Richard Courtney, drama teacher, theatre scholar and international expert in children's drama, was born in Newmarket, England on 4 June 1927 and was educated at Culford School and the University of Leeds.

Between 1948 and 1952 Courtney studied at Leeds with Shakespeare scholar G. Wilson Knight and Pirandello scholar and translator Frederick May. While there, he directed and appeared in several theatre productions and upon graduation continued this endeavor with the Arts Theatre in Leeds and the Rep Theatre in Yorkshire.

On 21 December 1953, he married Rosemary Gale.

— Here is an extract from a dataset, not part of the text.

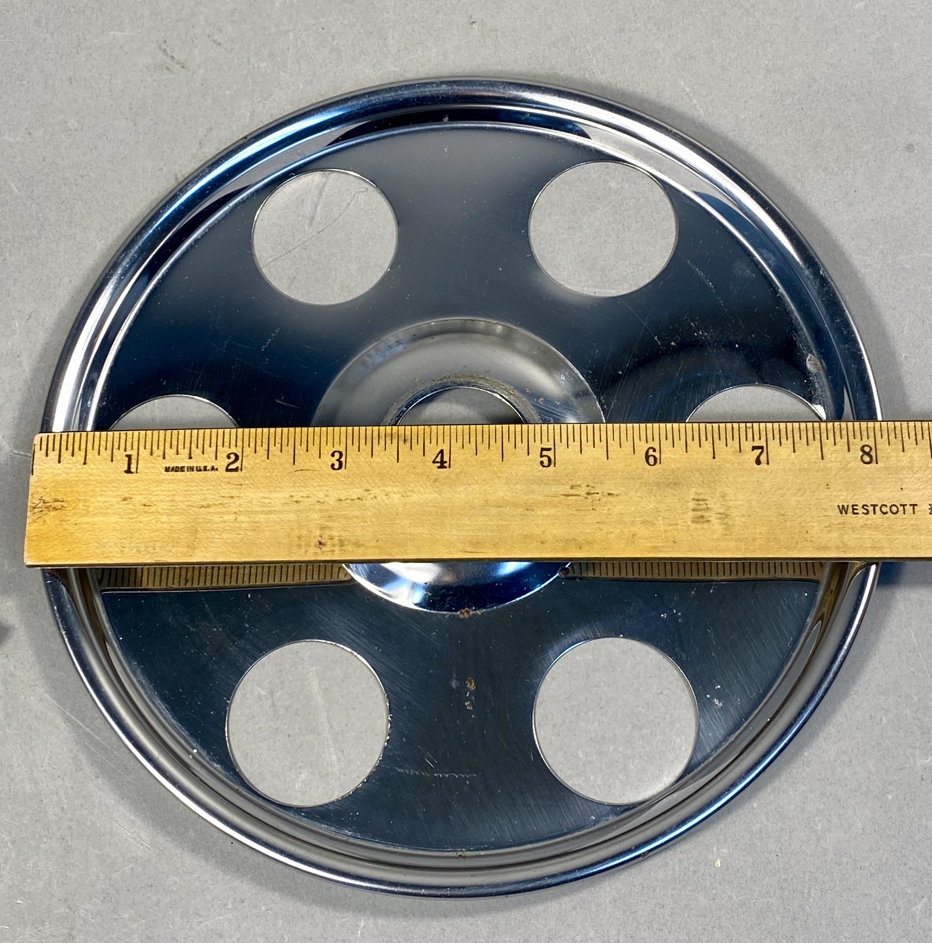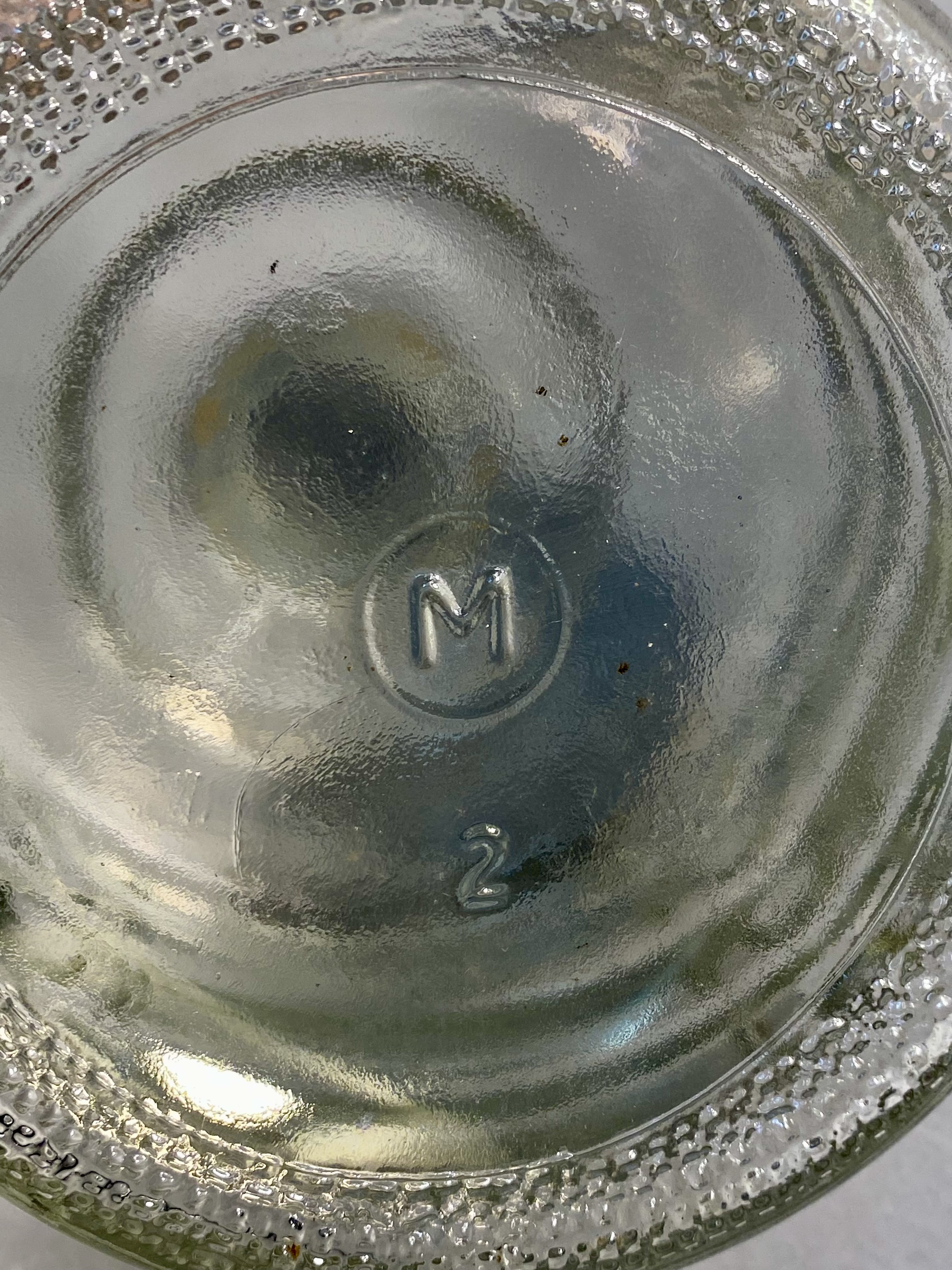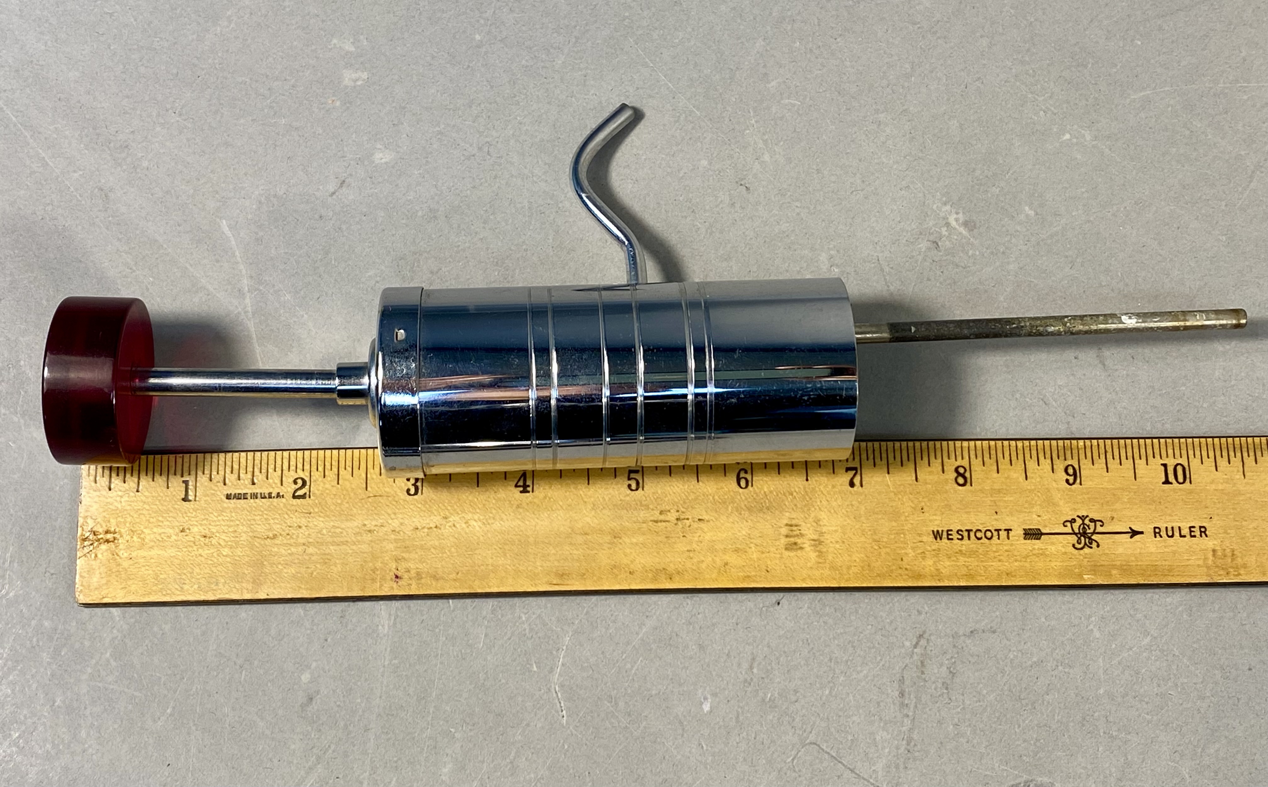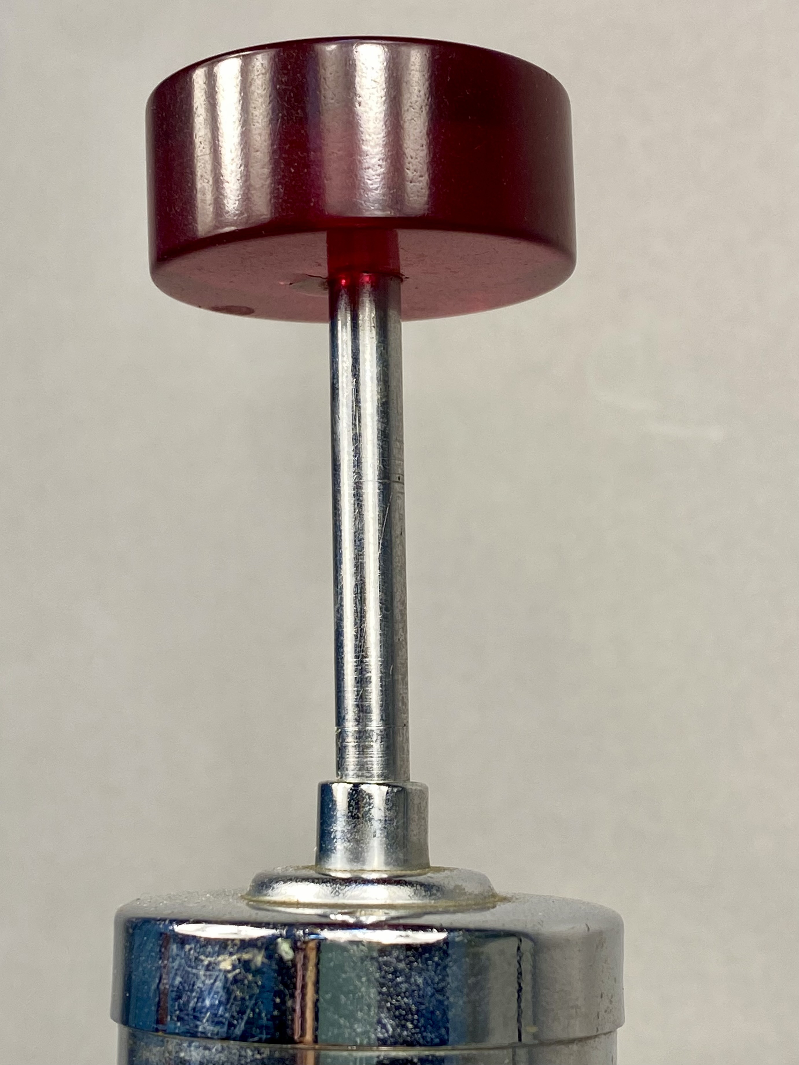 This barware set, attributed to Park Sherman, features a clear molded glass decanter produced by the Maryland Glass Corporation. The decanter body is decorated with molded horizontal ribbing and a vertical column of circular motifs. The base of the glass is embossed with the Maryland Glass Corporation mark, consisting of the letter M inside a circle above the numeral 2. The set includes a chrome-plated metal pump-action dispenser mechanism topped with a circular red resin handle. A matching circular chrome-plated metal tray serves as a carousel, featuring a central opening for the decanter and circular cutouts for the accompanying glassware. The set is completed by several clear glass shot glasses, some of which feature gold-toned bands at the rims. Measurements: Decanter height: 6 inches (excluding pump mechanism) Tray diameter: 8.5 inches. The set is in good vintage condition. The metal components show minor surface wear and light oxidation consistent with age. The glass elements are free of visible chips or cracks. There is noticeable wear and thinning to the gold-toned rim decoration on several of the shot glasses.

From 1956 to 1960, he played various roles on BBC radio. Between 1952 and 1959 he taught drama at schools in England before becoming Senior Lecturer in Drama at Trent Park College of Education in 1959, a position he would retain until 1967. From 1968 to 1971, he was Associate Professor of Theatre at the University of Victoria, British Columbia and was Professor of Drama from 1971 to 1974 at the University of Calgary. While in Calgary, Courtney also directed theatre and served as President of the Canadian Child and Youth Drama Association as well as being an advisor to the Minister of Culture, Andre Fortier.

In 1974, he was appointed Professor of the Ontario Institute for Studies in Education and the University of Toronto Graduate Centre for Drama. At the latter he worked with Peter McLaren, one of the leading architects of critical pedagogy. He maintained these positions until his retirement in 1995. 

In 1975, he traveled to New Mexico to research the dramatic rituals of the Hopi and the Navajo Nations. He visited the University of Melbourne in 1970 and 1974 and was a visiting fellow in the spring of 1979 at the Melbourne State College, Victoria.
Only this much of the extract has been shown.